• WORK REQUEST: Every word in the data below belongs in your copy, exactly as given; the pictures do not.

• DATA PROVIDED:
■ ■ ■ ■ ■

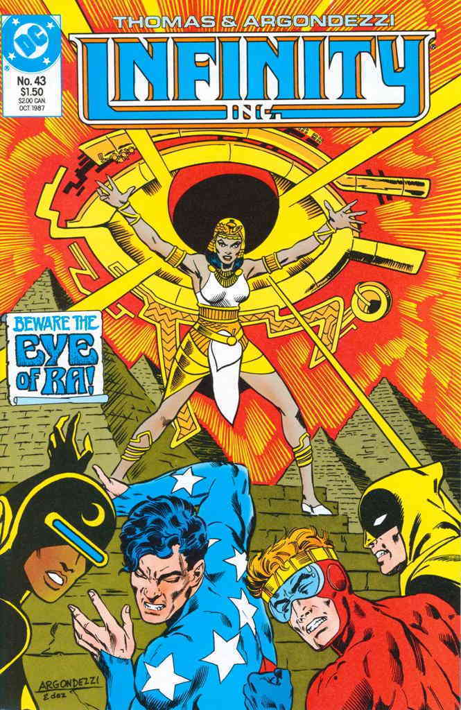 Item: Infinity, Inc. #43 Publisher: DC Cover Date: October 1987 Writer: Roy Thomas, Dann Thomas Artist: Vince Argondezzi Cover Artist: Vince Argondezzi Appearances: Silver Scarab Storylines: Eye! Notes: Ver ... Read More
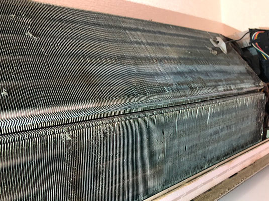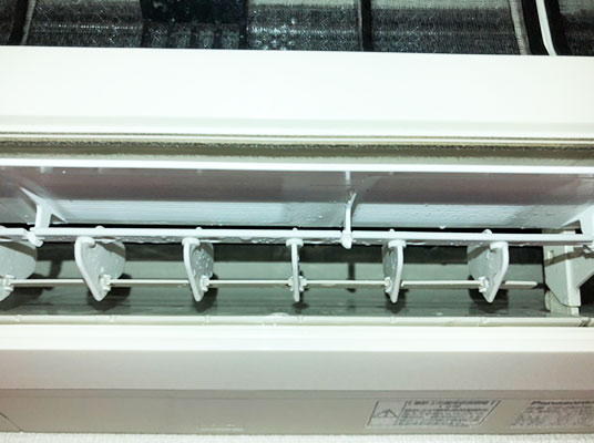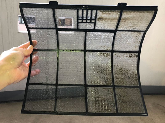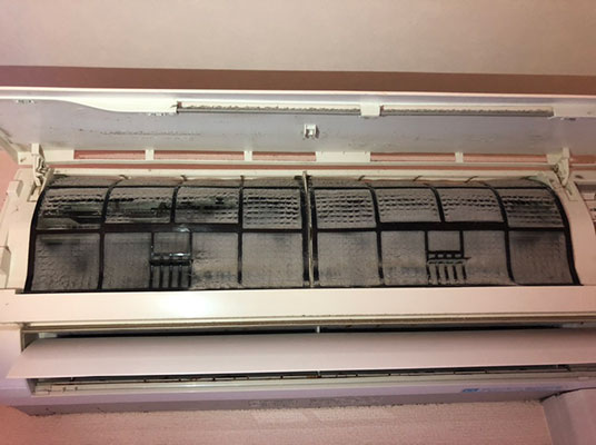 洗浄前のエアコン、フィルターに汚れがたくさん
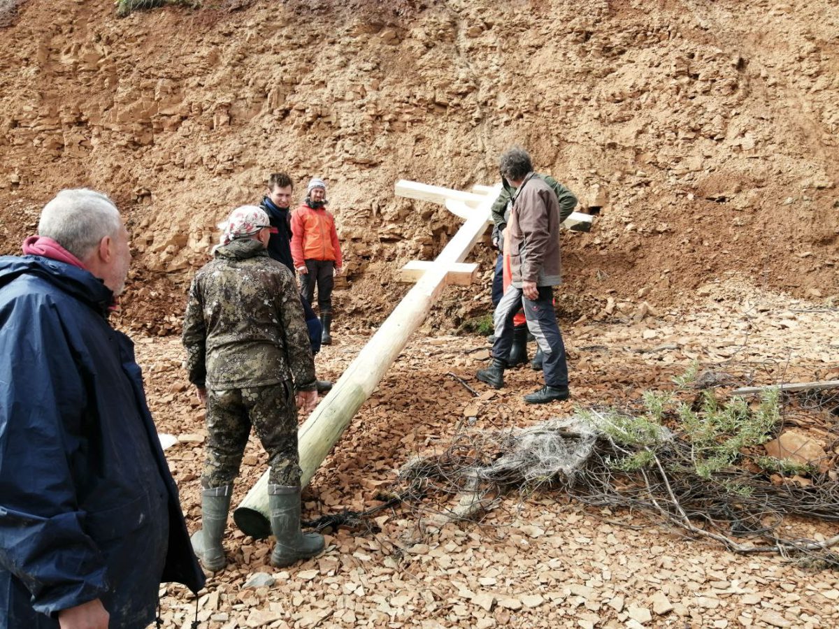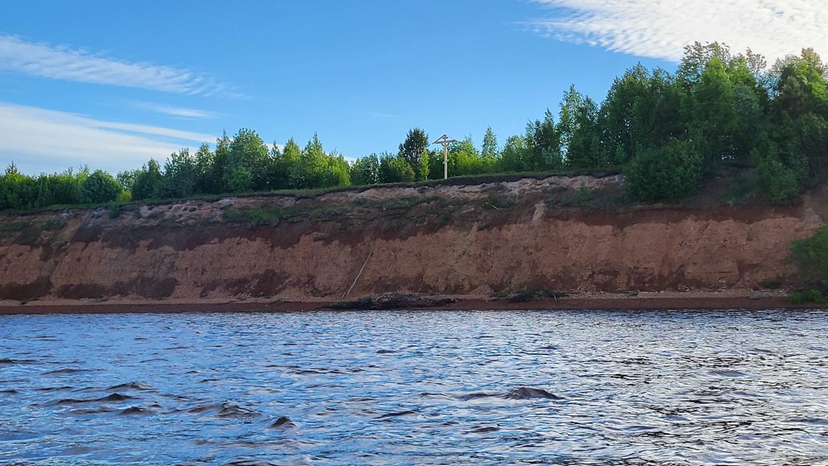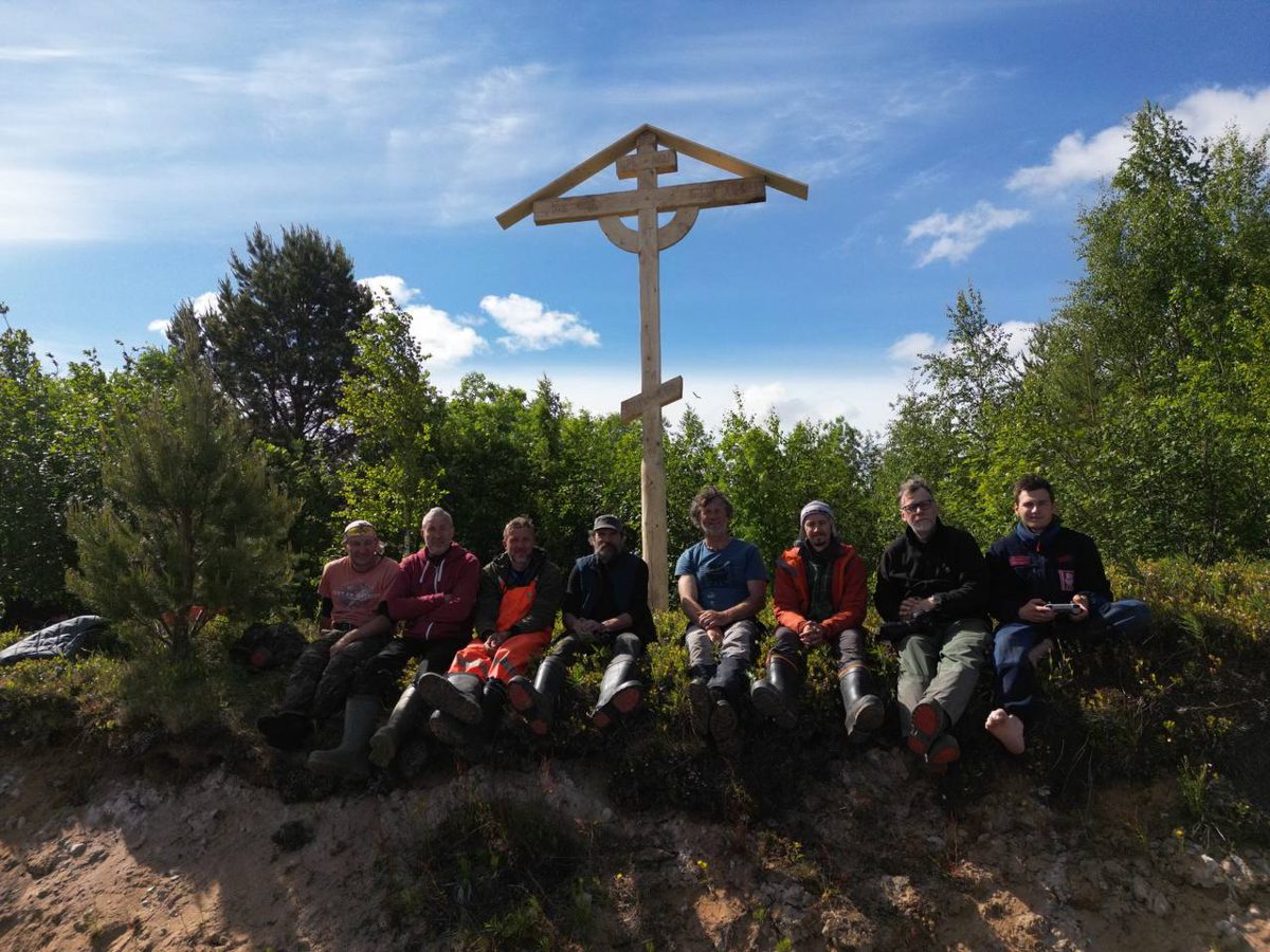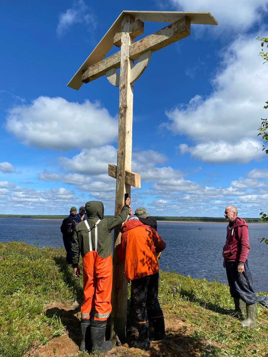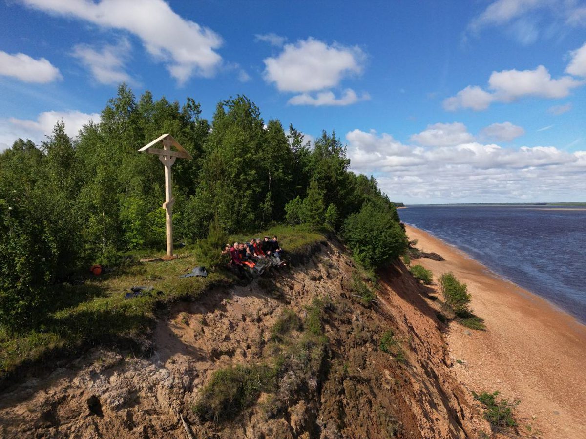 1500, поставили крест на высоком берегу поселка Каменка. Пришлось тащить его на высокий угор. Наконец-то сбылись наши планы поставить хоть один крест на Мезени.

■ ■ ■ ■ ■

• EXPECTED OUTPUT:
 Item: Infinity, Inc. #43 Publisher: DC Cover Date: October 1987 Writer: Roy Thomas, Dann Thomas Artist: Vince Argondezzi Cover Artist: Vince Argondezzi Appearances: Silver Scarab Storylines: Eye! Notes: Ver ... Read More
 洗浄前のエアコン、フィルターに汚れがたくさん
 1500, поставили крест на высоком берегу поселка Каменка. Пришлось тащить его на высокий угор. Наконец-то сбылись наши планы поставить хоть один крест на Мезени.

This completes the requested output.